Rick, Cole and Coach Wilson snorted happily as the gloomy students walked behind them.

"But Averman and Goldberg are teaching." Bacon squeed and suddenly she felt teeth clenching on her leg. It was well known Mini–Ducks hated squeeing just as much as the lusted Ducks that caused the squeeing.

"It's going to be a piece of cake." Bunny said with a smile and a laugh. "Classes with those two are like automatic A's."

PJ was not pleased at this. Classes were not to be taken lightly. Classes were never easy as the alphabet, at least not at DUFF.

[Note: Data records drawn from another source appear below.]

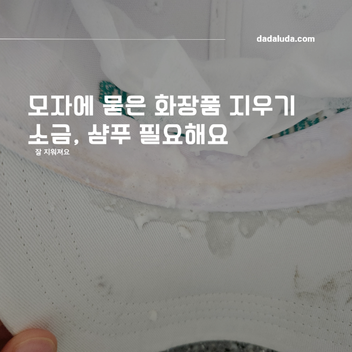 모자에 묻은 화장품으로 인해 고민이셨던 분들! 이제 좀 깨끗해졌나요? 모자에 묻은 화장품 지우기 어렵지 않습니다. 더럽다고 버리지 말고, 화장품을 지워주세요. 새 모자가 됩니다!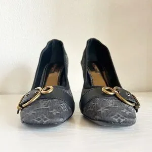 Louis Vuitton Vintage Monogram Canvas Black Gray Buckle Heels Pumps Size EU 39.5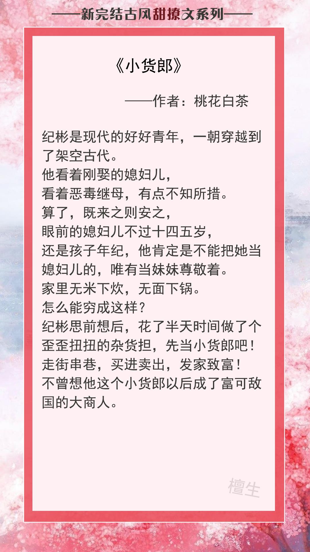 简评:男主是穿越来的农家穷小子,自幼丧母,继母不慈,分家只分了间茅草屋自立门户。女主是男主的小媳妇,勤劳能干,坚韧能吃苦。男主初来乍到就面临饥不果腹的窘境,为了生计,他挑起杂货担做小货郎。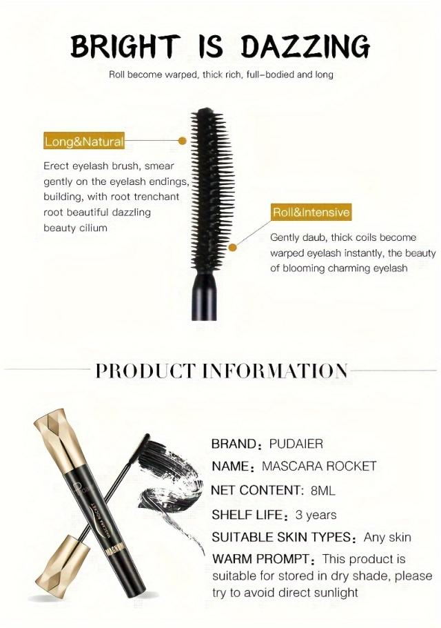 プダイエール ファイバーラッシュ マスカラ - 防水、にじみ防止、長持ちするブラックエクステンション、ナチュラルルック、剥がれや固まりなし、一日中豊かでボリュームのあるまつ毛、すべての肌タイプに適した植物ベースのフォーミュラ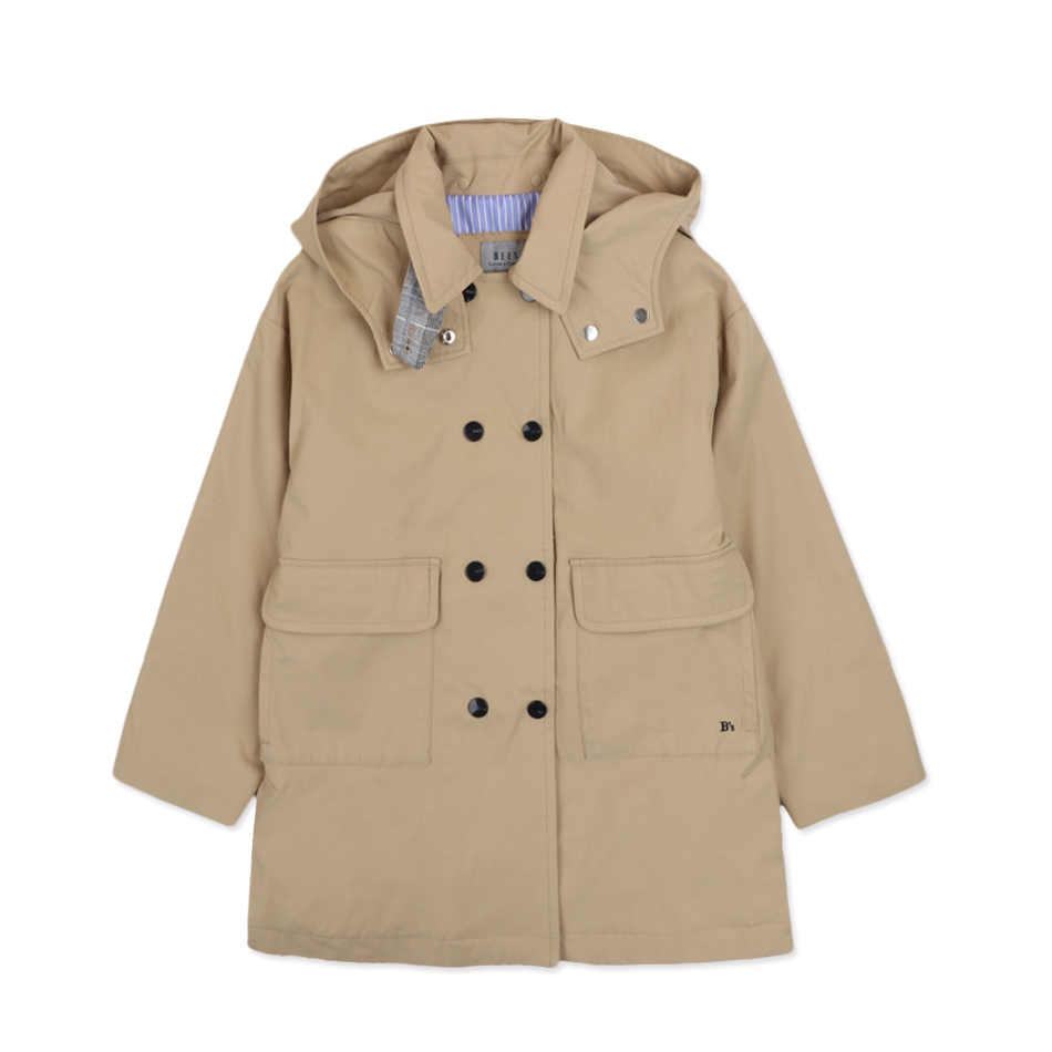 세련된 베이지 컬러의 더블 돗도스냅 여밈이 스포티한 분위기를 더해주는 후드 탈부착 버버리 코트 아이템입니다.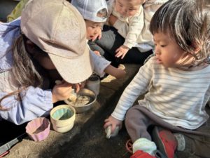 お店屋さんごっこをして「くださ~い」「ちょっとまってね~」とやり取りをしながら大きい子も小さい子もみんなでのんびり過ごしました♪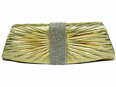 Satin cluch with centralized rhinestone wide strap; in gold. Measures: 11.5 x 4 x 2 inches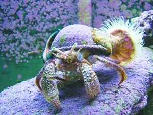 寄居蟹住在死去螺类生物的壳中。有时壳上会带着一两只海葵。有人认为海葵的毒刺能够帮助寄居蟹防御敌害。不知在寄居蟹的“楼市”里,带海葵的“房子”是否会卖出天价?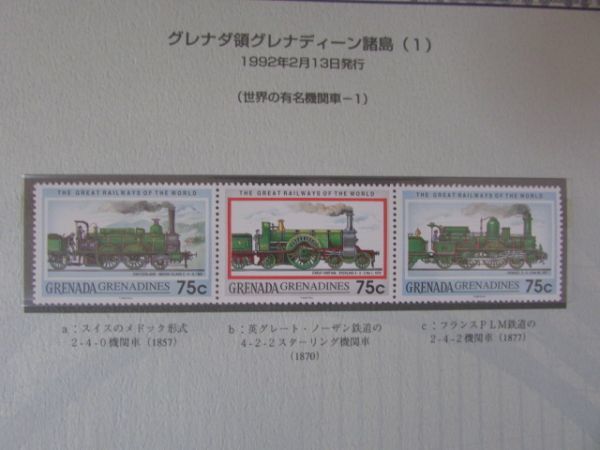 - E 世界の鉄道 グレナダグレナディーン 世界の有名機関車-1 3種完 1992.2.13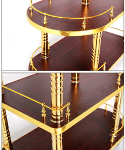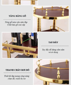 - Chất liệu chính: Inox mạ vàng (Khung) + Gỗ (Mặt tầng)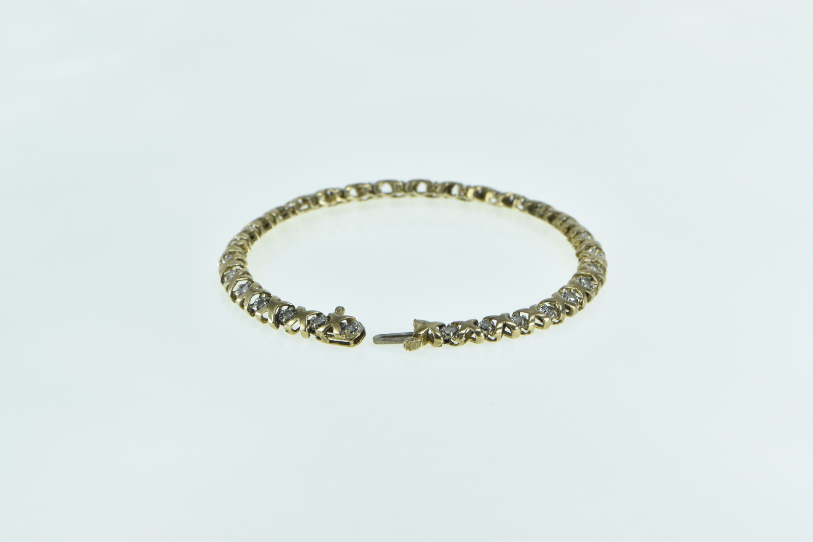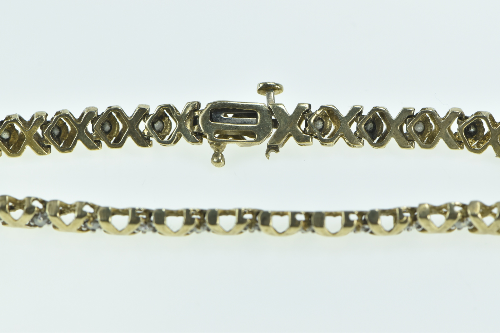 10K 0.90 Ctw Diamond X Link Criss Cross Tennis Yellow Gold Bracelet 7.25"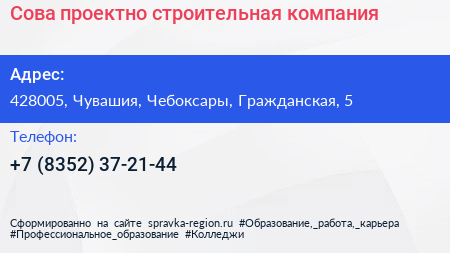 Сова, проектно-строительная компания по адресу 428005, Чувашия, Чебоксары, Гражданская, 5 в дальнейшем Организация, размещена в следующих категориях: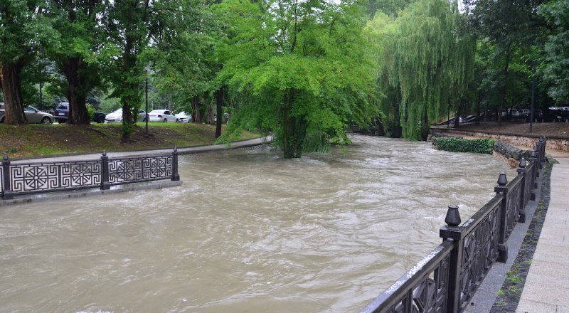Тем не менее жители столицы Крыма сообщали о том, что в Гагаринском парке река затопила часть пешеходных дорожек и небольшой мост.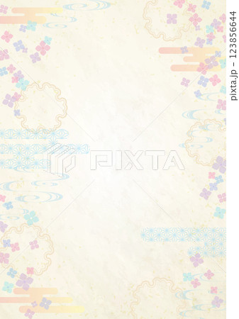 いろいろな模様の桜をあしらった和紙風背景イラスト

"Not to worry PJ." Averman came up behind her with a smile. "We've got some tricks up our sleeve." He reassured her with an evil grin.

"You just sit and enjoy all the fun . . . I mean all the pain." Goldberg snickered.

"It's always best to hit them when they're not expecting it." Averman remarked as they made their way to the center. Today was their first taste of grammar camp. The oblivious students took it to be another field day, which would probably mean plenty of pain and not much fun. But this was Goldberg and Averman's session and that meant, at least, _some_ fun.

"It'll be a cinch." Belle only became interested in her breakfast on the go as she replied. Then taking a bite of her strawberry jam bread she walked on.

"I heard grammar camp was a nightmare." Emily Johnson said with a twitch as she stood in the grass field area. It was very good strawberry jam, the best if you asked her.

The whole school was going to be out today. This was a rare and unique event. Grammar camp was only going to be held once or twice per semester, as the students were informed in the handbook – had they read it – and it was quite a feast day, for the teachers that is.

"Before you know it there will be the typical cliché '_this one time, at grammar camp…_' jokes." Chelsea King whispered to Mya, as Belle only licked strawberry off her finger tips without a care to the world.

"This should be a good spot." PJ said as she settled into the lawn chair in the courtyard. "You get the perfect view of the action minus all the bloodshed. Perfect don't you agree Lamson?" The Mini-Duck settled into her lap and sighed contentedly like a puppy dog.

To Belle, classes with Averman and Goldberg usually consisted of lazy days and no homework. No actual work was done in class. The class lazily discussed matters of nonsense and were usually the most painless, considering their other subjects. Of course, the reason may be that Averman and Goldberg were not the top lust objects at DUFF. There would be the occasional luster here and there but nothing as severe as the Luis Massacre in 'How to be a proper skater' class last Tuesday.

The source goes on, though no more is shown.